Jack Frake presumed that Dunmore acted on instructions from London. He had received reports from his correspondents from other chapters of the Sons of Liberty that General Gage in Boston was making a concerted effort to seize and destroy colonial stores of arms and powder in Massachusetts.
He had always been certain of an inevitable clash with the Governor. He and many other Virginians had felt more amused than insulted when Dunmore announced with condescending gusto at a Capitol ball in January that his new daughter, born shortly before he returned from his campaign in the west, would be christened “Virginia,” as though that gesture could somehow ameliorate the growing tension between Virginians and their royal governor and his tyrannical ambitions.
He said to Proudlocks, “I want to see how serious this is. Will you ride with me to Williamsburg?”
“Of course. I can saddle you up while you get ready and let your staff know where you’re off to.”
Half an hour later they were cantering over the Hove Stream Bridge to the road that led to Williamsburg.
When they arrived in mid-morning, they found the town almost as bustling as when the General Assembly and General Court were in session. On the Palace Green milled scores of people, while the town volunteer company and a militia company from James City County were drawn up on opposite sides of the Green. They rode towards the Palace gate, and saw that marine sentries had been posted and the two otherwise symbolic and decorative 6-pounder guns taken inside to the courtyard, one of them aimed at the gate, with boxes of powder and ball at the ready on either side of the wheels. They saw a few of Dunmore’s fifty-seven slaves brandishing muskets, pistols and swords, weapons likely taken down from the armament that decorated the walls of the Palace foyer.
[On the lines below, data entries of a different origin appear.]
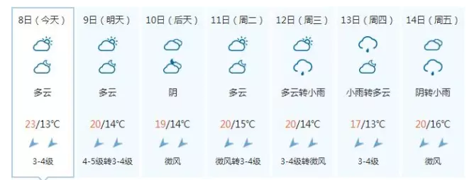 来自阜阳气象台预报,今天下午到夜里:多云间晴;偏北风4级左右,阵风6-3级;今天最高气温:23~25℃;明晨最低气温:13~15℃;预计:10月9日,多云间晴。
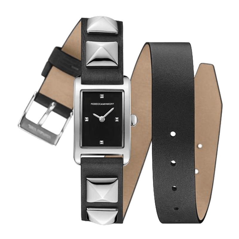 5. Rebecca Minkoff Moment Silver Tone Studded Leather Wrap Watch
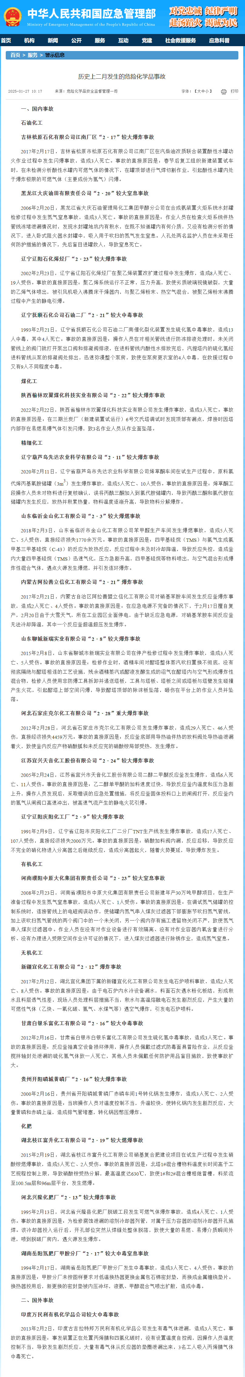 各位擁有危險化學品經營許可證的老板,今天我們來聊一聊歷年來2月份,發生過的?;分卮笫鹿拾咐?,這些事故均是來自于,應急管理部官網。
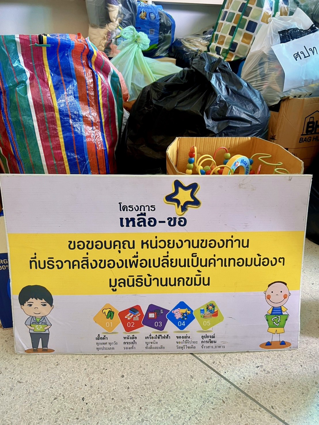สำนักงาน กปร. และชมรม กปร. พอเพียง จิตอาสา ต้านทุจริต บริจาคสิ่งของที่ไม่ใช้แล้วให้แก่มูลนิธิบ้านนกขมิ้น (โครงการ เหลือ – ขอ)
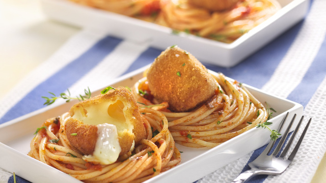 En même temps, faire cuire les Spaghetti dans un gros volume d’eau bouillante salée pendant 8 min. Les égoutter et mélanger à la sauce Napoletana réchauffée.
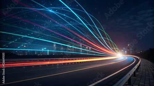 Obraz premium Dark Digital Background with Glowing Data Streams and Dynamic Lines. Perfect for: Tech Conferences, Cyber Security Awareness Month, IT Networking Events

Jack Frake asked Captain Innes of the town’s company of volunteers about the red-coated marines. The man answered, “They’re probably from the Fowey, sir. She’s anchored just off Porto Bello and the Governor’s place there. It may be the whole company or just half of it. Their pieces are primed, for sure, and those fellows look like they’re primed for a fight, too.” The captain laughed. “Well, if that’s how they feel, we’ll give ’em one!”
Neither Governor Dunmore, nor the General Assembly, nor anyone in Virginia realized it, but by ordering the marines to expropriate the Magazine powder, the Governor had effectively abdicated his office and given Virginians the right to depose him or to petition London to have him recalled. Some now argued that, because of the nature of the Governor’s action and the presence of armed militia on the Palace Green, he was all but deposed. The last time the colonials had raised their voices and weapons against their royal governor was during Nathaniel Bacon’s rebellion nearly a hundred years before.
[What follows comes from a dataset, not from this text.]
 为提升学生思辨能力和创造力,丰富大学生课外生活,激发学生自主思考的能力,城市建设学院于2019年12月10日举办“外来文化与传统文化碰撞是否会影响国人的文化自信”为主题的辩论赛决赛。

Later in the morning, Peyton Randolph, Speaker of the House, together with Robert Carter Nicholas, the Treasurer, and the mayor, John Dixon, rode in the Speaker’s landau to the Palace and were admitted by the guards past the ornate gate. At noontime they reemerged and rode to the courthouse on the market square, the mayor first urging the crowd and militia to follow them to hear an announcement.
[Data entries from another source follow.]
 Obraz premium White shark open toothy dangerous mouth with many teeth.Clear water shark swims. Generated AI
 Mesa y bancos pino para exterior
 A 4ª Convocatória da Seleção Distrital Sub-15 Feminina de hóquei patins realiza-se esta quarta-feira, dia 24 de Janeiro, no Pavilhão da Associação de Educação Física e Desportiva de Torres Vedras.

On the steps of the courthouse Randolph conveyed the Governor’s explanation for the gunpowder seizure: His Excellency had heard that a slave revolt was imminent in Surry County across the James River, and naturally and dutifully had taken the precaution of removing the powder to prevent its illegal seizure. Randolph also cautioned the audience that any violent action against the Governor or the Palace would doubtless precipitate anarchy and invite certain retaliation by the Crown.
Jack Frake and John Proudlocks stood in the crowd. A man close to Jack Frake remarked, “Cow pasties! I’m from Surry, and there ain’t enough slaves there to make trouble if they’d a mind to!”
Another man answered, “But there’ve been rumors of trouble in Surry for weeks, sir.”
“Yeah?” answered the man from Surry. “And I heard tell for years angels can dance on pins, but I ain’t seen that yet, neither! I’m sayin’ there ain’t nothing to it, and the Governor’s a liar!”
“I must agree with this gentleman,” said another man, a member of the town volunteers. “I believe the Governor is playing hot cockles with Mr. Randolph and all of us.”
Although the crowd and militia were skeptical of the official explanation, they dispersed on Randolph’s continued urging.
Jack Frake and Proudlocks decided to return to Caxton. “Nothing else will happen here, unless the Governor commits another blunder,” said Jack.
Proudlocks studied the crowd and armed men drifting away from the courthouse. “Things are a musket shot shy of war,” he observed. He chuckled. “I am confident that the Governor will think of another blunder to commit.”
“He has a talent for it,” remarked Jack. “We must see Mr. Vishonn and persuade him to call out the county militia.”
“He has turned Tory,” Proudlocks said. “He is afraid of his little man.” As they rode past the College of William and Mary for the road back to Caxton, he asked, “What will you do if Mr. Vishonn refuses?”
Jack Frake shrugged. “Form an independent company and be at the ready.”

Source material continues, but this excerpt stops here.